From: David Hildenbrand <david@redhat.com>
To: qemu-devel@nongnu.org
Cc: "David Hildenbrand" <david@redhat.com>,
"Michal Privoznik" <mprivozn@redhat.com>,
"Igor Mammedov" <imammedo@redhat.com>,
"Michael S. Tsirkin" <mst@redhat.com>,
"Paolo Bonzini" <pbonzini@redhat.com>,
"Daniel P. Berrangé" <berrange@redhat.com>,
"Eduardo Habkost" <eduardo@habkost.net>,
"Dr . David Alan Gilbert" <dgilbert@redhat.com>,
"Eric Blake" <eblake@redhat.com>,
"Markus Armbruster" <armbru@redhat.com>,
"Richard Henderson" <richard.henderson@linaro.org>,
"Stefan Weil" <sw@weilnetz.de>
Subject: [PATCH v1 0/7] hostmem: NUMA-aware memory preallocation using ThreadContext
Date: Wed, 28 Sep 2022 18:45:35 +0200 [thread overview]

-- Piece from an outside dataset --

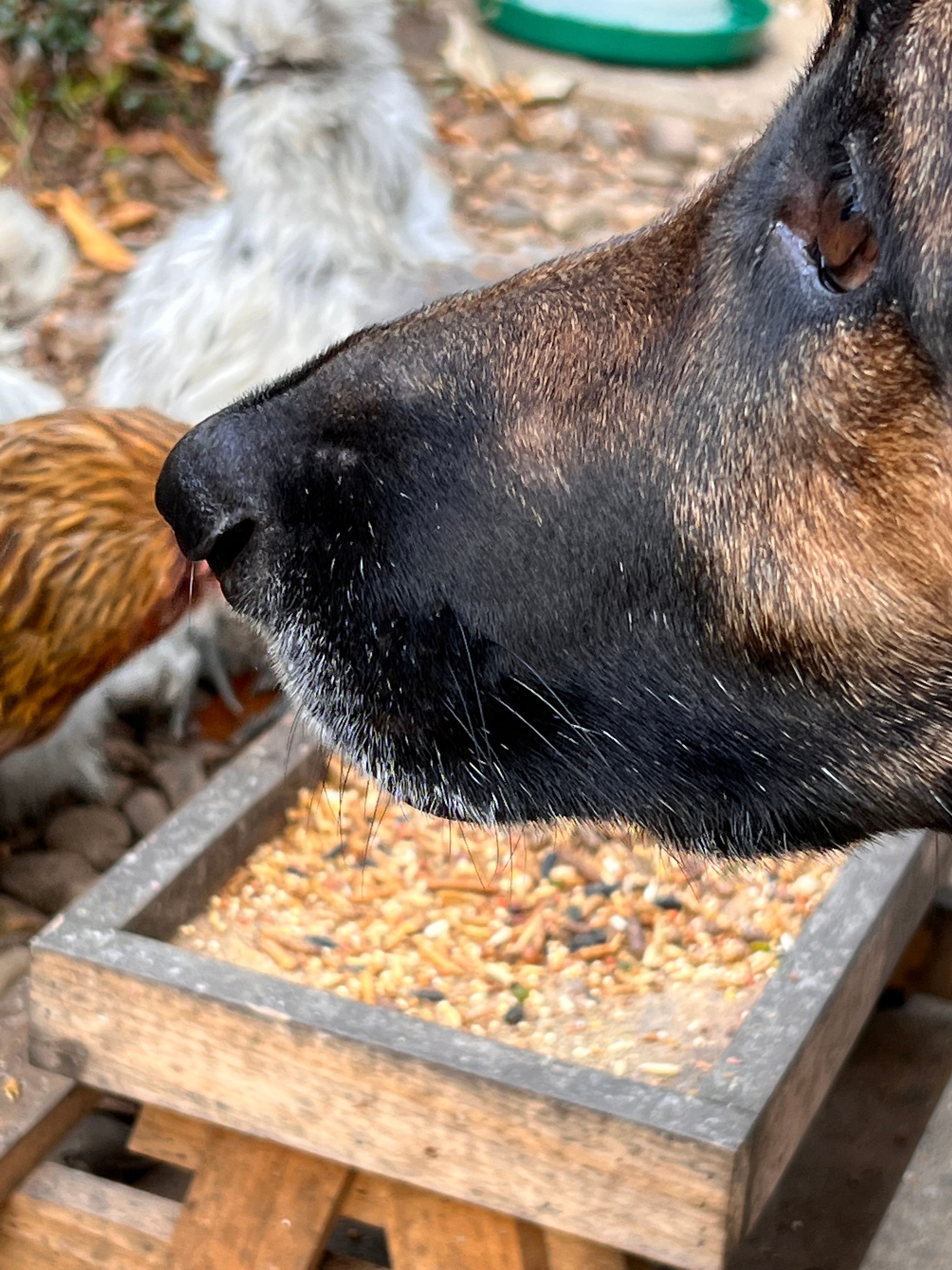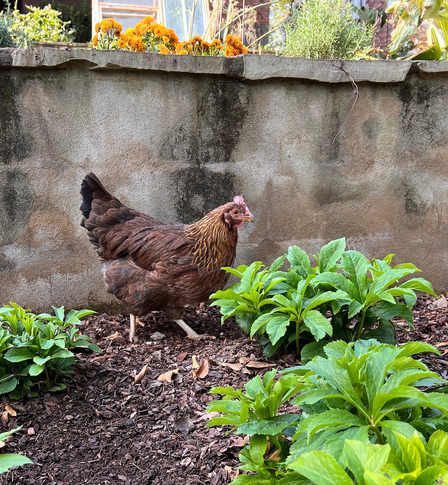 Bella, my German Shepherd, was incredibly watchful as the babies romped around the yard and imitating the big chickens’ scratching. She always tickles me when she plays guard dog. And although I’d intended to get some serious research and writing done, before our human chicks come home for the holiday, I let most of the day slip away doing nothing more meaningful that cutting back a plant here and there and sitting down for a serious chat with a chicken now and then.

Message-ID: <20220928164542.117952-1-david@redhat.com> (raw)
This is a follow-up on "util: NUMA aware memory preallocation" [1] by
Michal.
Setting the CPU affinity of threads from inside QEMU usually isn't
easily possible, because we don't want QEMU -- once started and running
guest code -- to be able to mess up the system. QEMU disallows relevant
syscalls using seccomp, such that any such invocation will fail.
Especially for memory preallocation in memory backends, the CPU affinity
can significantly increase guest startup time, for example, when running
large VMs backed by huge/gigantic pages, because of NUMA effects. For
NUMA-aware preallocation, we have to set the CPU affinity, however:
(1) Once preallocation threads are created during preallocation, management
tools cannot intercept anymore to change the affinity. These threads
are created automatically on demand.
(2) QEMU cannot easily set the CPU affinity itself.
(3) The CPU affinity derived from the NUMA bindings of the memory backend
might not necessarily be exactly the CPUs we actually want to use
(e.g., CPU-less NUMA nodes, CPUs that are pinned/used for other VMs).
There is an easy "workaround". If we have a thread with the right CPU
affinity, we can simply create new threads on demand via that prepared
context. So, all we have to do is setup and create such a context ahead
of time, to then configure preallocation to create new threads via that
environment.
So, let's introduce a user-creatable "thread-context" object that
essentially consists of a context thread used to create new threads.
QEMU can either try setting the CPU affinity itself ("cpu-affinity",
"node-affinity" property), or upper layers can extract the thread id
("thread-id" property) to configure it externally.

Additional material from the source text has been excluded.